DATA PROVIDED:
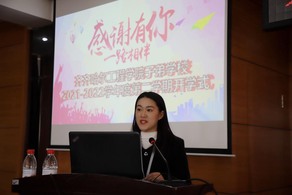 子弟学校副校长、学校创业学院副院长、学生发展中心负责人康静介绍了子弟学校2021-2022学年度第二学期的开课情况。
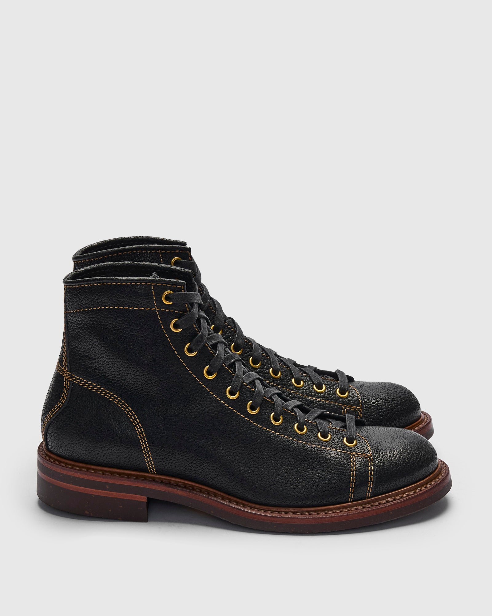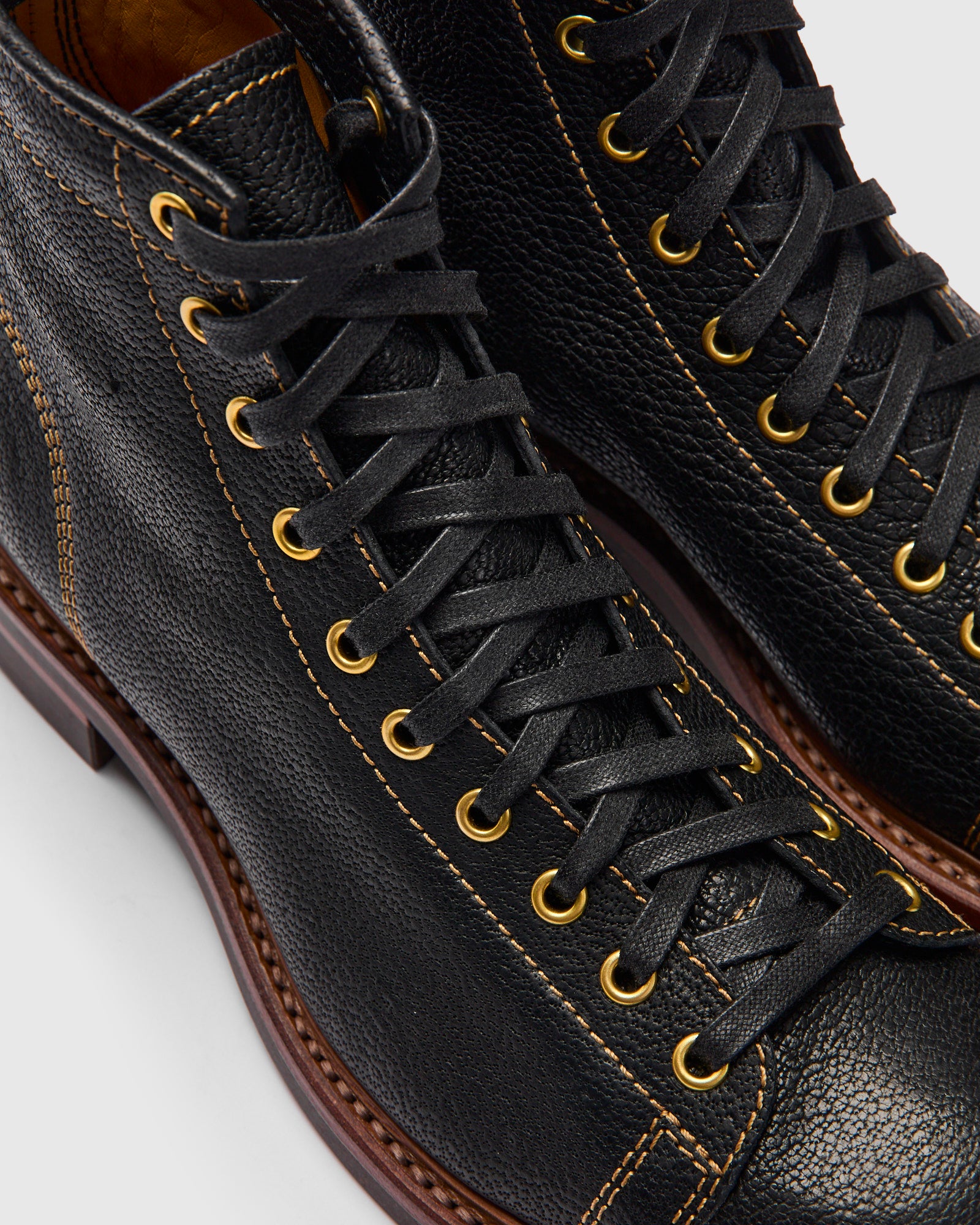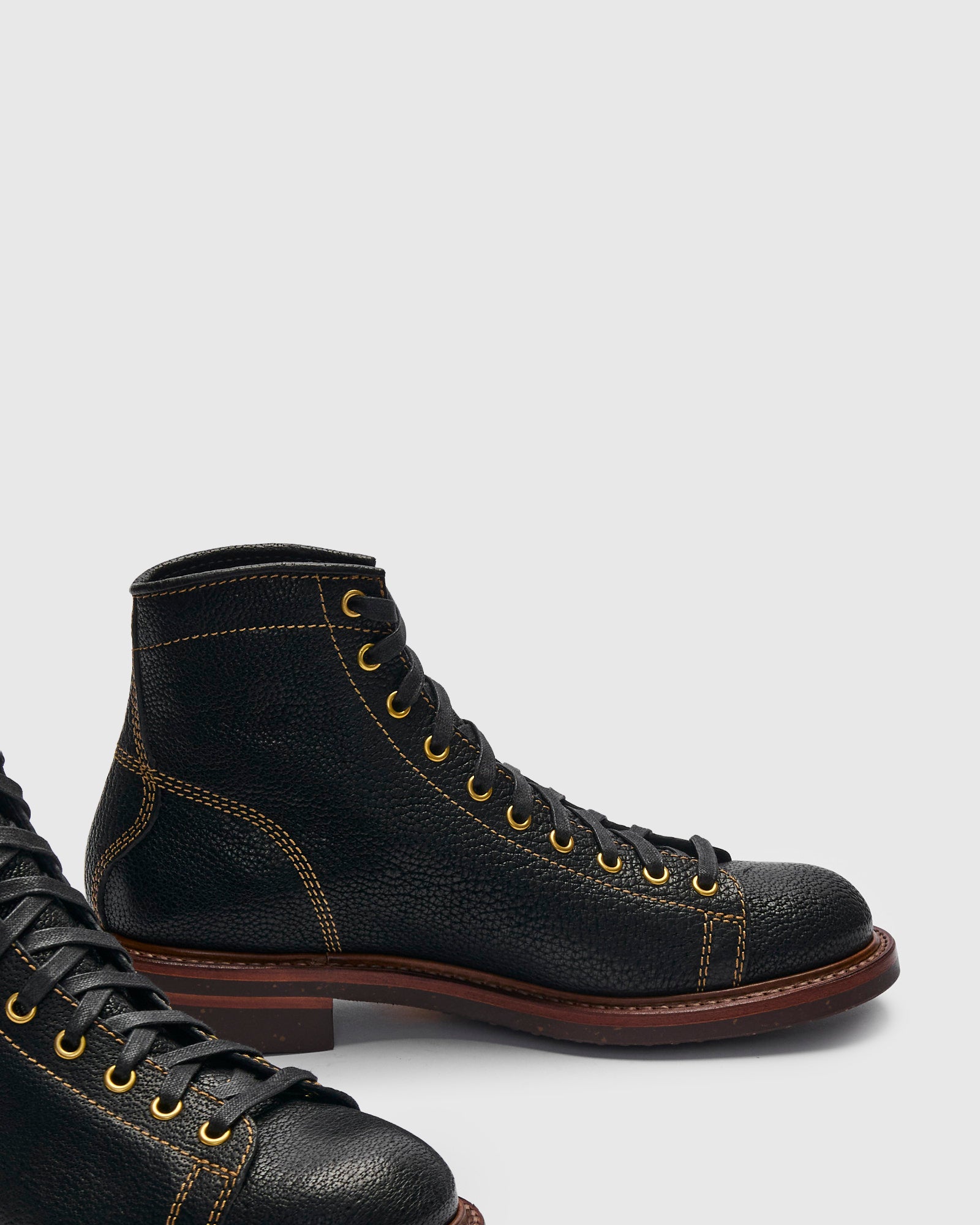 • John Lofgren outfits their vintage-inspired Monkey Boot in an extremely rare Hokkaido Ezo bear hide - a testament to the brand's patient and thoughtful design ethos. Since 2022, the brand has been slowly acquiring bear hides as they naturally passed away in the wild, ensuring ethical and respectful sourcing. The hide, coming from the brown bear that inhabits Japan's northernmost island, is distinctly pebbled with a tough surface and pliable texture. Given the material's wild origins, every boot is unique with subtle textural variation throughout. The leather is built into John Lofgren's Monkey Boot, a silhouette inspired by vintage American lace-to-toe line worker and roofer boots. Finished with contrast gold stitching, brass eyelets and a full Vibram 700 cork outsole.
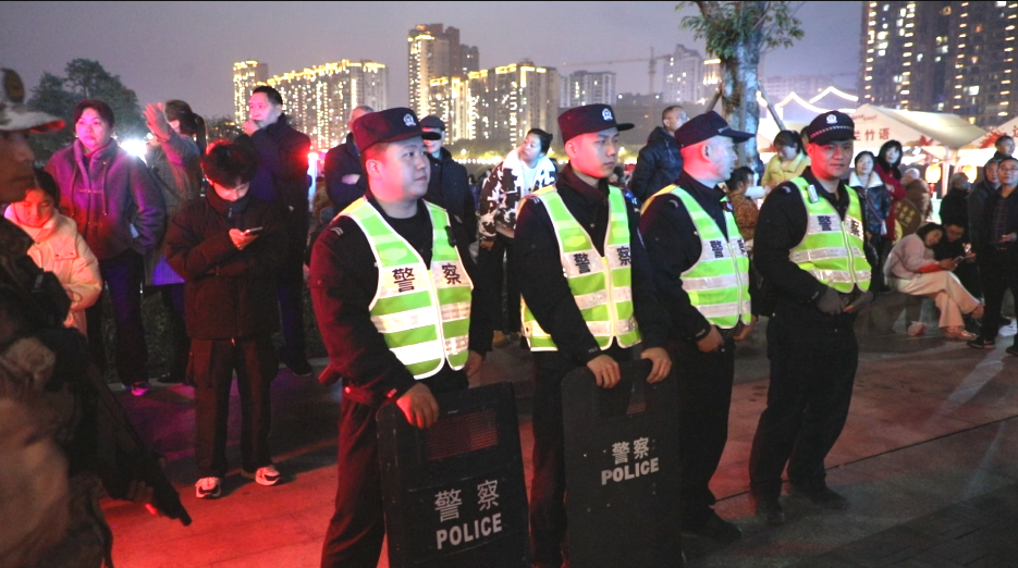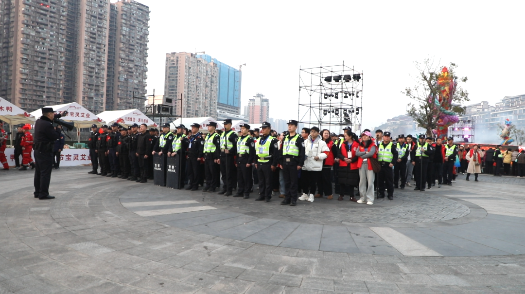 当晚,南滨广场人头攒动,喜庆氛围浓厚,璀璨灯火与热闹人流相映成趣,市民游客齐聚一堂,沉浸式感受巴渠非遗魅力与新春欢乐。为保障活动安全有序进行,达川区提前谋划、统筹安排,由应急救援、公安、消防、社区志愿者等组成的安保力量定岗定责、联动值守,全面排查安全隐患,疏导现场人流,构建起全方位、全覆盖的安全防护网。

WORK ITEM:
Repeat the listing above word for word. Do not include the pictures.

TASK ANSWER:
 子弟学校副校长、学校创业学院副院长、学生发展中心负责人康静介绍了子弟学校2021-2022学年度第二学期的开课情况。
 • John Lofgren outfits their vintage-inspired Monkey Boot in an extremely rare Hokkaido Ezo bear hide - a testament to the brand's patient and thoughtful design ethos. Since 2022, the brand has been slowly acquiring bear hides as they naturally passed away in the wild, ensuring ethical and respectful sourcing. The hide, coming from the brown bear that inhabits Japan's northernmost island, is distinctly pebbled with a tough surface and pliable texture. Given the material's wild origins, every boot is unique with subtle textural variation throughout. The leather is built into John Lofgren's Monkey Boot, a silhouette inspired by vintage American lace-to-toe line worker and roofer boots. Finished with contrast gold stitching, brass eyelets and a full Vibram 700 cork outsole.
 当晚,南滨广场人头攒动,喜庆氛围浓厚,璀璨灯火与热闹人流相映成趣,市民游客齐聚一堂,沉浸式感受巴渠非遗魅力与新春欢乐。为保障活动安全有序进行,达川区提前谋划、统筹安排,由应急救援、公安、消防、社区志愿者等组成的安保力量定岗定责、联动值守,全面排查安全隐患,疏导现场人流,构建起全方位、全覆盖的安全防护网。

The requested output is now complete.